それに加え、今は亡きアルハイゼンの父親が彼女と多少の面識があったらしいのも後押しになったようだった。あなた達ほどではもちろんないけれど、と過去を懐かしむように彼女はアルハイゼンの父親との記憶を教えてくれたのだ。だから、全くの赤の他人だとも思えないのだと、彼女は言っていたのを記憶している。
「母さん、僕の書いたこと覚えてくれてたんだな。それも、随分前のことをすぐ思い出せるくらいに」
そっか、とカーヴェが吐息を零すようについた相槌は酷く幼い響きがする。彼女にとって母親との関係は学生時代よりもっと前から形を変えられていないのだと、今更ながらに思い知らされた。そんな彼女にとって、アルハイゼンとの交際は果たしてどれだけの勇気を振り絞って報告されるべきものだったのだろうか。
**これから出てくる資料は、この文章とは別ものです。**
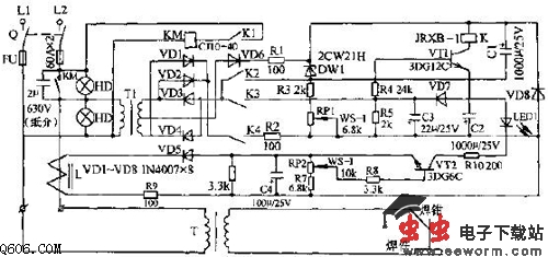 电路在焊条碰触焊件的瞬间,其电流互感线圈L的感应信号经整流、放大后使继电器K吸合,交流接触器KM吸合,向焊机提供380V施焊电源。当焊接停止数秒后,电路使交流接触器KM断开,切断焊机施焊电源。电路通过完成随时监测和响应焊机动态完成节能降耗功能。图中T1的匝数比为10:(1X2),L用0.23mm漆包线绕600匝,HD为380V氖泡灯。此电路可适用于BX系列的焊机。调节RP2可改变停止焊接时的KM断开时间。

そう思うと、いつの間にか落ち着いていた心臓がちりちりと焼けるのを感じる。
「君のお母さんは何と?」
目を伏せてどこかふわふわした気持ちを持て余しているように見えるカーヴェに尋ねると、ぱちんと瞬きが一つあって美しい眼差しが寄せられる。それからその視線が柔らかく解けて、口元がむにむにと動いて最後に少女のように微笑んだ。
「僕からも教えてもらえて嬉しいって」
「俺も同じ気持ちだ」
嬉しくて堪らないとばかりに紡がれる声にアルハイゼンは目を細めてカーヴェを抱き寄せる。そうすれば自分からアルハイゼンの肩口に額を寄せてくれたカーヴェの後頭部に手のひらを当てると、足首に近い甲に彼女の爪先が少しばかり掠める。外の空気に触れていたせいでひんやりとしたそれが、早く温もってしまえば良いと思う。よかった、と夜に相応しい微かな声がアルハイゼンの耳を擽るので、アルハイゼンは彼女を捕らえる腕の力をほんの少しだけ強めた。
急がなくていいから、いつか二人で君のお母さんに会いに行ければいい。まだ告げるには早いだろう願いを飲み込んで、アルハイゼンはひとまず目の前の幸福に浸ることにした。